Guns of August, 1939? History does not offer a model where
political or economic sanctions work to back down a revolutionary
military power intent on dominating its region. Not the
Bonapartists. Not the Confederacy. Not the Prussians. Not the
Nazis. Not the Japanese militarists. Not the Soviets. Not the
Maoists. Not the Baathists. Not the jihadists. No model works short
of gunplay.
Guns of August, 1939? Many sources confirm that Natanz contains
a secret underground facility with a cascade of centrifuges capable
of manufacturing 90% enriched fissile material. Many sources
confirm that Iran has the capability of a multistage ballistic
missile. Many sources confirm that Iran has the plans and intention
to miniaturize a nuclear warhead for a ballistic missile.

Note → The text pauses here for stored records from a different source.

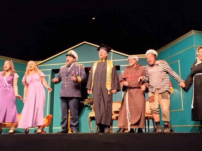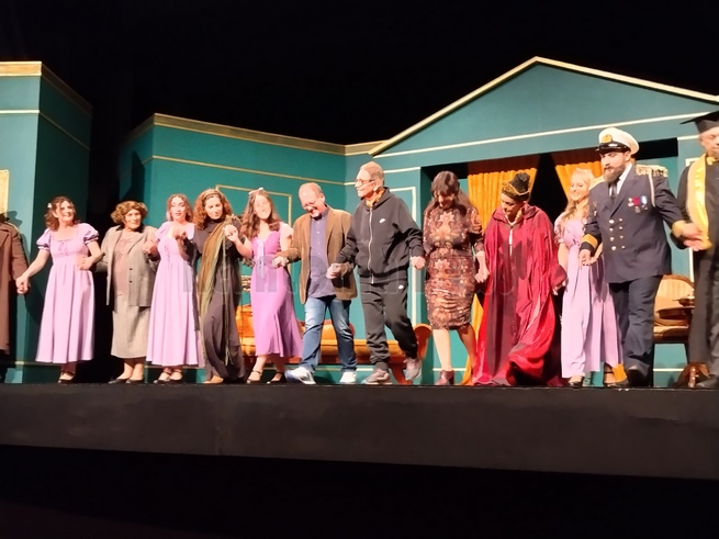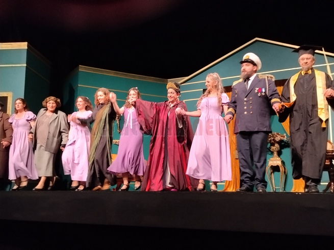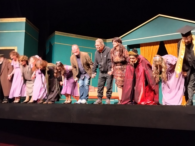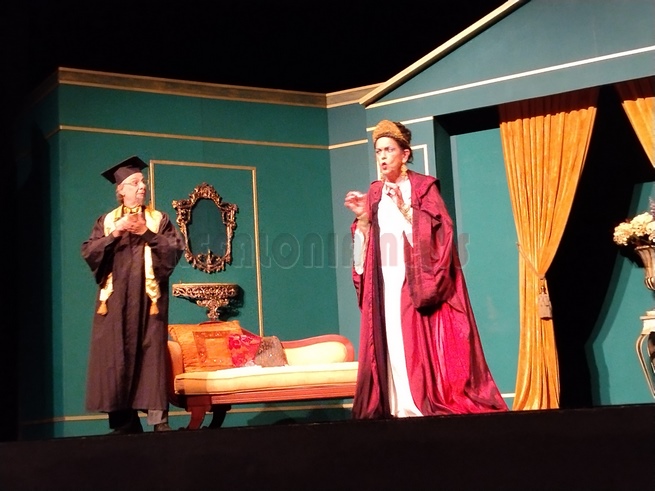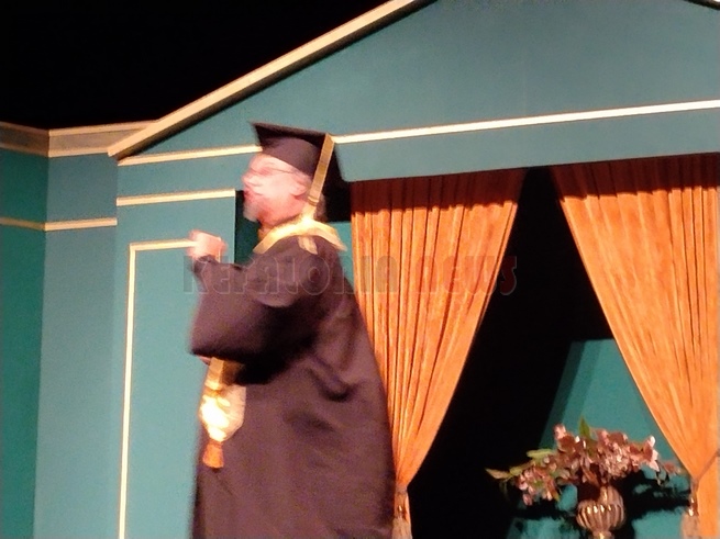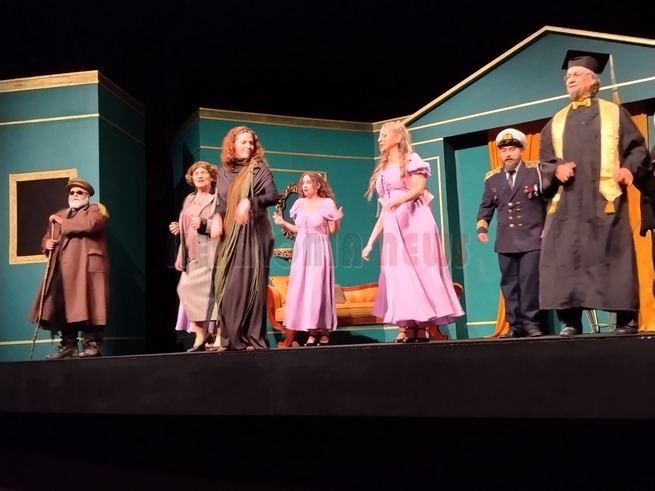 Άφησα να παρακολουθήσω την τελευταία παράσταση, αφού είναι και η καλύτερη, πάντα ισχύει αυτό. Έτσι και ήταν. Μια εκπληκτική παράσταση αν και ο λόγος ήταν έμμετρος και δεν είμαστε συνηθισμένοι, η απόδοση όλων ήταν εξαιρετική. Ιδιαίτερα στο τέλος ο κόσμος χειροκροτούσε συνέχει και δεν άφησε τους ηθοποιούς να φύγουν από τη σκηνή. Θα ήθελα να ξεχωρίσω την Αγγελική ΄Γιαννακοπούλου η οποία ήταν η έκπληξη αλλά ιδιαίτερα τον Τάσο Μπεκατώρο που ο ρόλος ήταν …ιδιαίτερος. Τι όμορφα κορίτσια που είχε ο χορός! Συγχαρητήρια σ’ όλα τα παιδιά, ιδιαίτερα στον Πάνο Βαρδάκο και Κώστα Χαριτάτου.
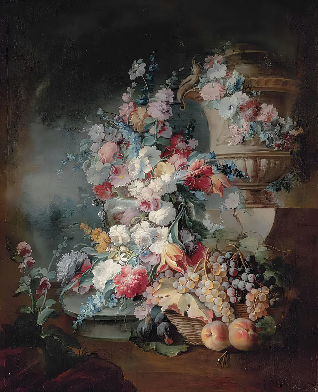 ₴ Репродукция цветочный натюрморт известного художника "Розы, березки, маки и другие цветы в серебряном весе рядом со скульптурной урной на каменном выступе, виноград и персики в плетеной корзине и инжир в пейзаже" - Рапоус Мишель Антонио
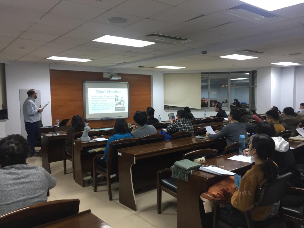 部分师生前来聆听了此次讲座。本讲座由哲学系曲红梅教授主持,讲座以英语进行。
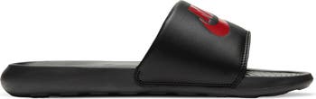 Lightweight cushioning meets supportive comfort in beach-to-bleachers sliders molded with textured footbeds and big, embossed Swooshes.
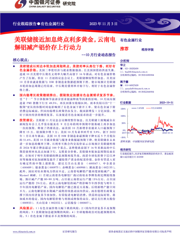 【银河证券】【20231103】有色金属行业10月行业动态报告:美联储接近加息终点利多黄金,云南电解铝减产铝价存上行动力-26页
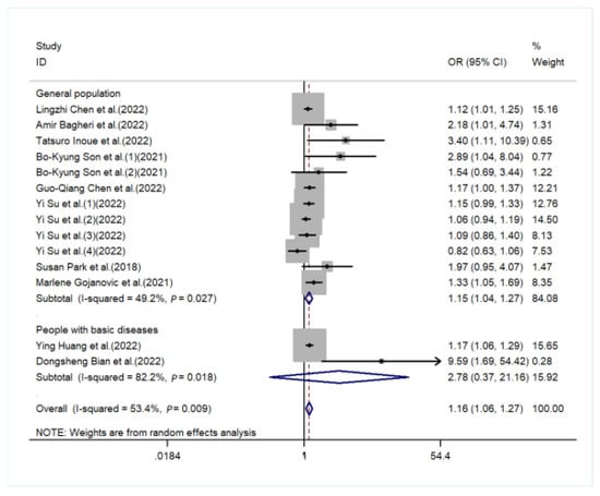 Forest plot for the subgroup of basic disease [,,,,,,,,].
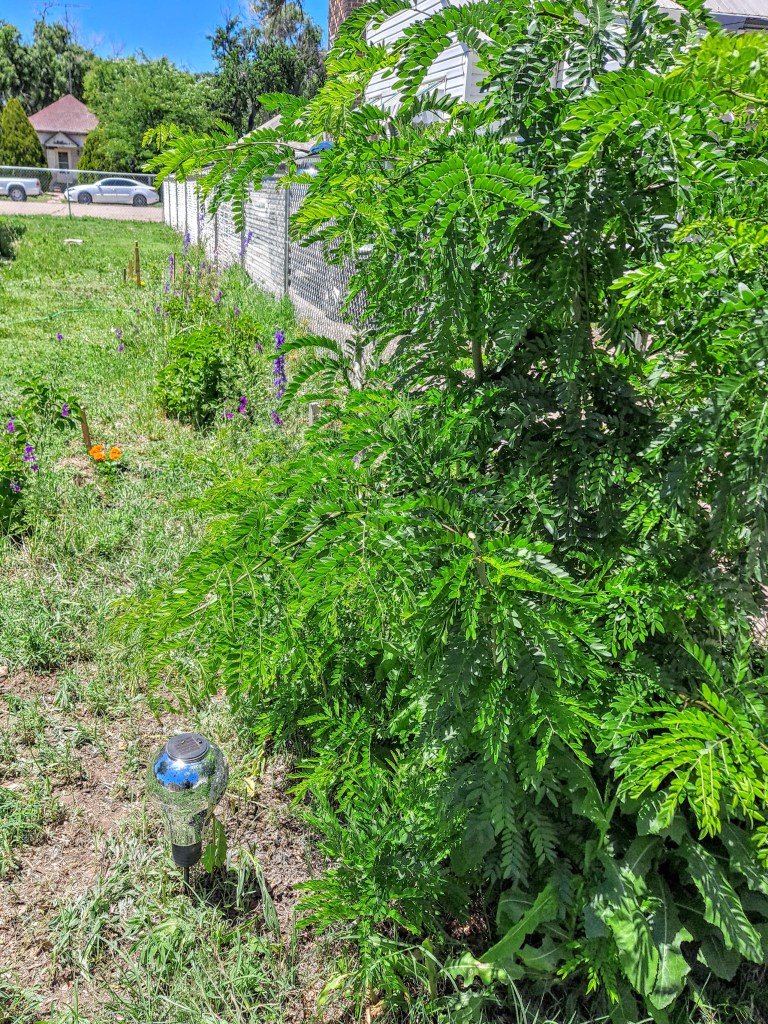 After I planted the bulbs (being careful to follow the directions, which I don’t always do, but I wanted to make sure the bulbs at had at least a slim chance of coming up), I pulled weeds. Then I trimmed a tree/bush. It’s a locust that was cut down a couple of years ago, but it continues to grow. I’ve been undecided about keeping it since I’m not sure I want the responsibility of trimming it as I grow older, so I thought I’d have the tree guy grind out the stump when he comes to grind up all the other on the property, but I kind of like it. It looks like a fern with its tall, wavy branches.
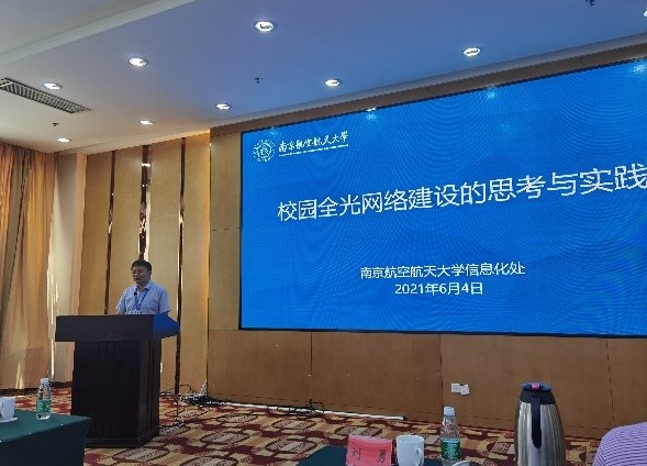6月4日,我校信息化处副处长刘勇应邀参加了2021中国教育和科研计算机网华东北地区教育信息化技术研讨大会,并作了《校园全光网络建设的思考与实践》的专题报告。刘勇从全光网络建设背景、全光网络技术特点、南航全光网络实践及校园网络未来展望四个方面分享了我校全光网络建设的规划与举措,赢得了兄弟院校和同行专家的高度认可。
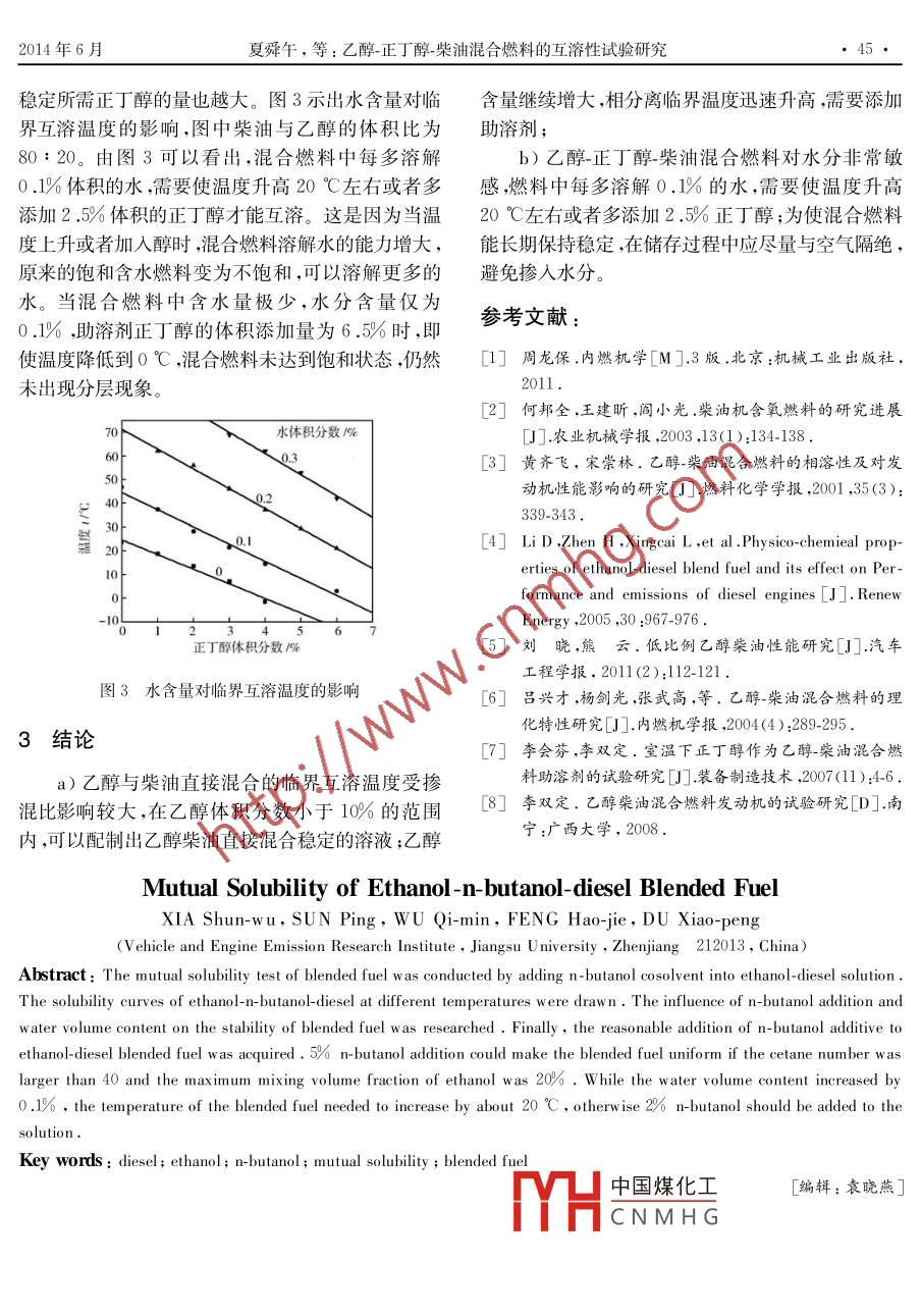 乙醇-正丁醇-柴油混合燃料的互溶性试验研究

Guns of August, 1939? The numbers tell the tale succinctly:
light sweet crude neared $65 per barrel in New York, entirely on
the Iran nuke news. And in the event of any retaliation by Iran to
an economic sanction or the eventual logical scenario of a
blockade, a barrel of light sweet crude has no calculable price at
this time.
Guns of August, 1939? It is September 1938. Appeasement?
Concessions? Contest? Europe failed the test, and the German tanks,
after one one swift, mass murdering year, massed at the Polish and
Belgian borders the last weeks of August, 1939, and then the
apocalypse.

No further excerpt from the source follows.